WORK TASK. Taking only the lines of the data below from the line with "The transparent glass" to the line with "2軒目は釜山発ではなく、隣街", ends included, write them out exactly and without pictures.

SOURCE DATA.
- - -

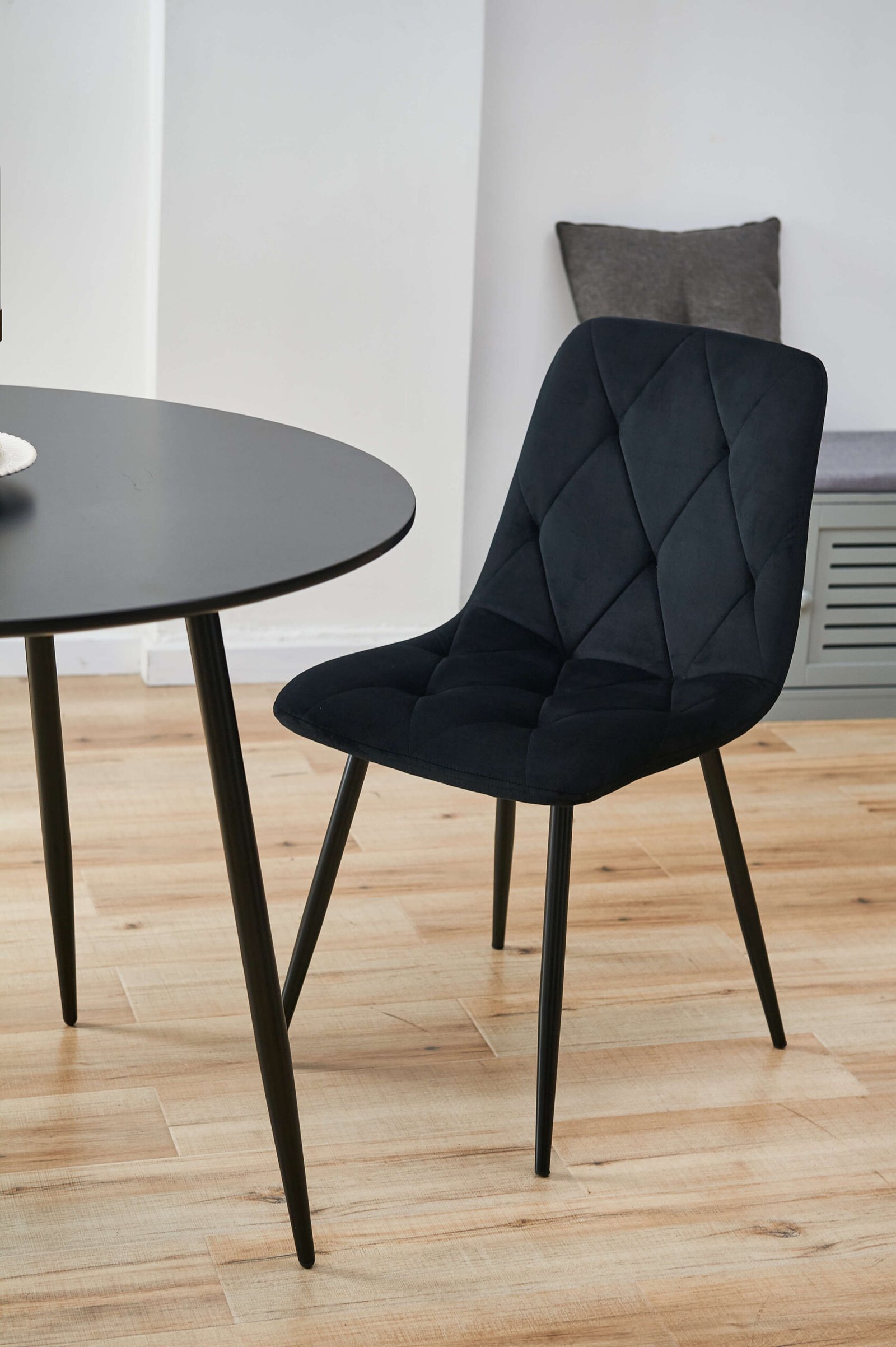 Šiuolaikinis dizainas ir dabartinės tendencijos rodo kaip nuostabu ir Veliūras yra praktiška medžiaga. Šią savo kėdžių seriją norėtume pasiūlyti kaip modernaus ir stilingo interjero priedą. SJ.3 tipo kėdė turi juodas metalines kojas. Tokios kojos dera tiek prie klasikinės, tiek prie modernios kompozicijos. Veliūriniai apmušalai apgaubia sėdynę ir atlošą, todėl kėdė yra maloni liesti ir nesukelia diskomforto vasaros dienomis. Dygsniuota, naudojama apmušalų metu, suteikia dar elegantiškesnę išvaizdą ir nesenstantį stilių. Parduodame keturias kėdes komplekte.
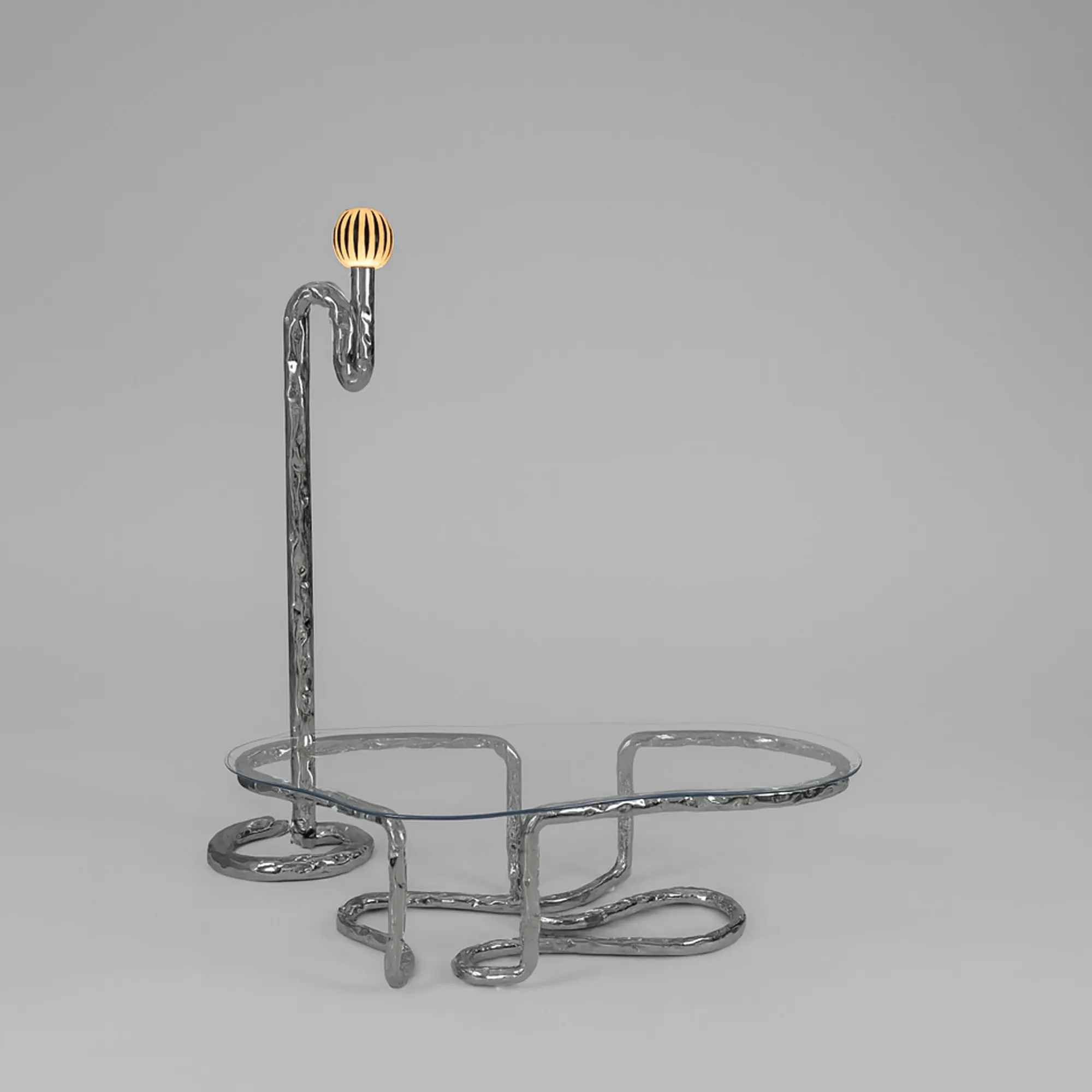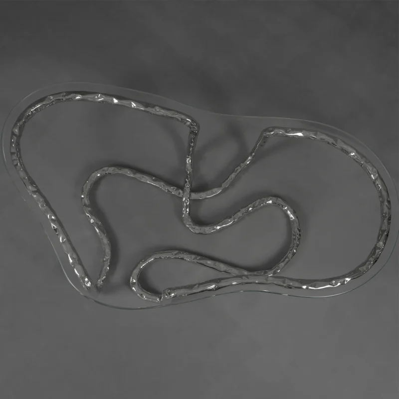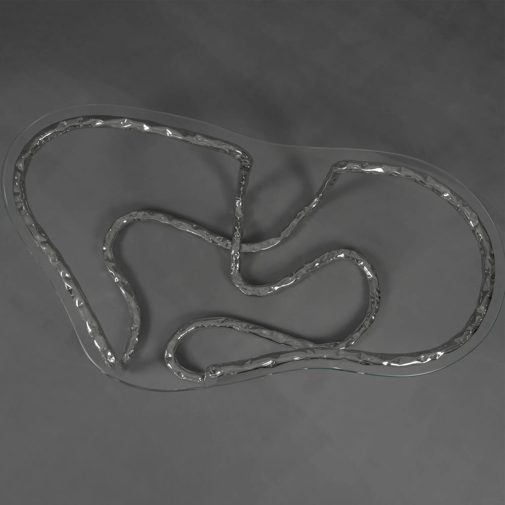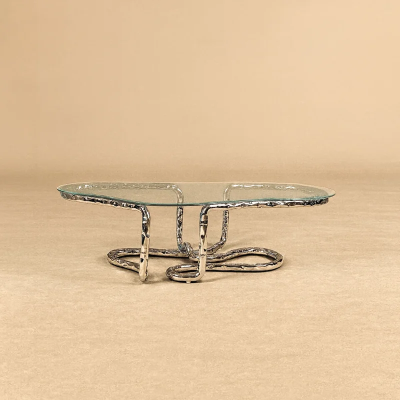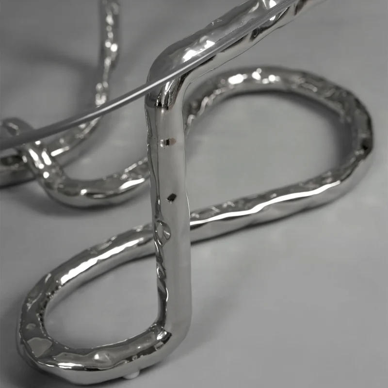 The transparent glass top serves as a quiet counterpoint, offering clarity while granting full visibility to the sculptural base beneath. Minimal in form and free of visual weight, it allows the looping structure to become the focal point, an expressive anchor that energises the setting without overwhelming it. The resulting composition is one of balance: motion and stillness, transparency and solidity, gesture and structure.
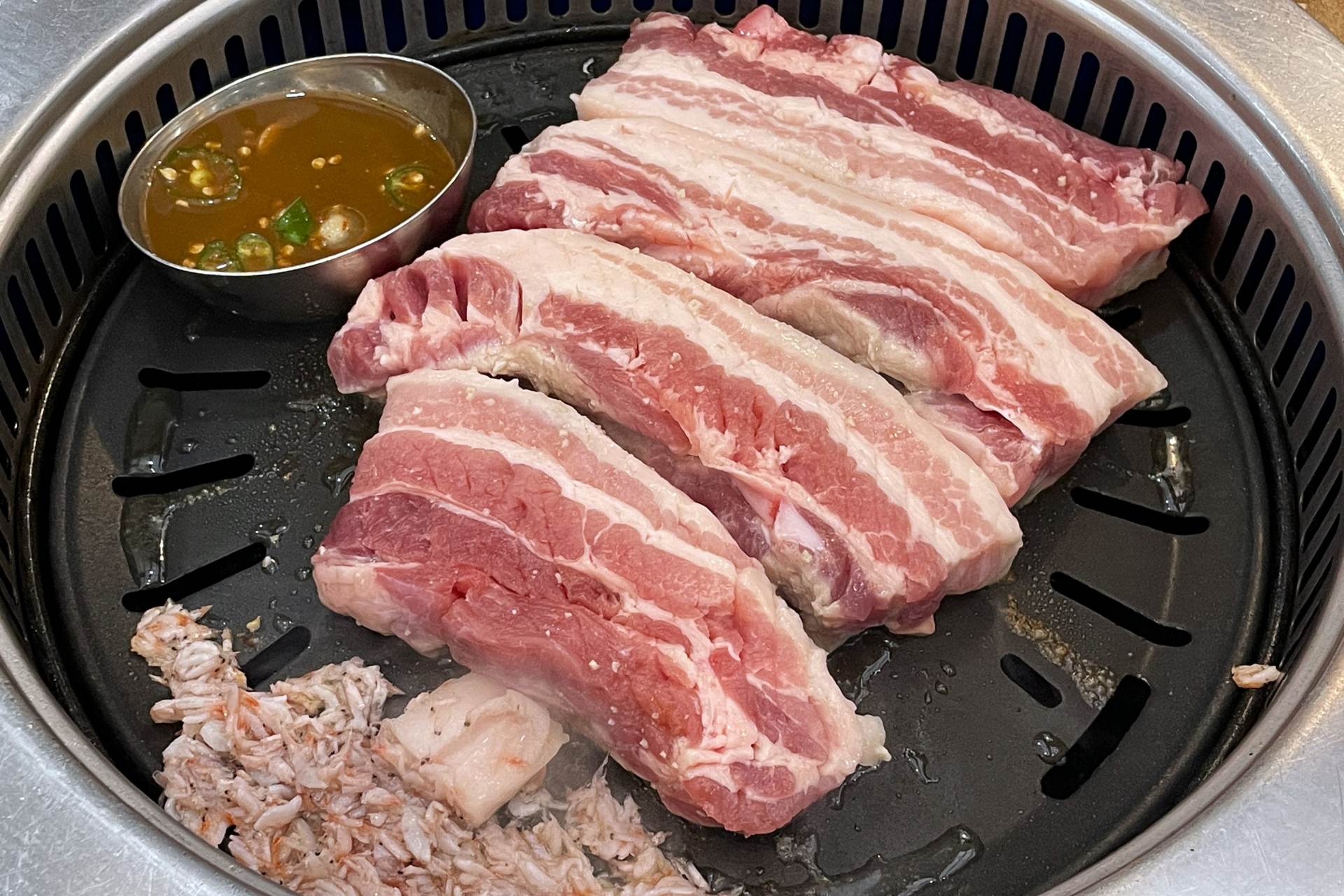 2軒目は釜山発ではなく、隣街の大邱(テグ)に本店を構える焼肉のチェーン店。釜山にも支店が複数あり、衝撃のおいしさだったので、紹介。メインは厚さ3.5cmに切ったサムギョプサルで、脂身が多いのが特徴。やわらかく甘みがあり、一緒に焼いたセウジョ(エビの塩辛)との相性も抜群でした。ここでのシメは香り豊かな山菜を載せた釜炊きご飯のトルソッパプ。今回はおなかがパンパンすぎておこげまでたどり着けなかったので、次回必ずリベンジします!
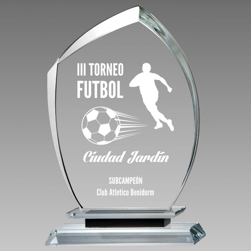 Trofeo de cristal de varias medidas y espesores, categoría luxe con líneas modernas y cantos biselados. Trofeo ideal para entregar a participantes, campeones y finalistas de competiciones así como para conmemoraciones y dedicatorias.

- - -

SOLUTION FOR THIS EXERCISE.
 The transparent glass top serves as a quiet counterpoint, offering clarity while granting full visibility to the sculptural base beneath. Minimal in form and free of visual weight, it allows the looping structure to become the focal point, an expressive anchor that energises the setting without overwhelming it. The resulting composition is one of balance: motion and stillness, transparency and solidity, gesture and structure.
 2軒目は釜山発ではなく、隣街の大邱(テグ)に本店を構える焼肉のチェーン店。釜山にも支店が複数あり、衝撃のおいしさだったので、紹介。メインは厚さ3.5cmに切ったサムギョプサルで、脂身が多いのが特徴。やわらかく甘みがあり、一緒に焼いたセウジョ(エビの塩辛)との相性も抜群でした。ここでのシメは香り豊かな山菜を載せた釜炊きご飯のトルソッパプ。今回はおなかがパンパンすぎておこげまでたどり着けなかったので、次回必ずリベンジします!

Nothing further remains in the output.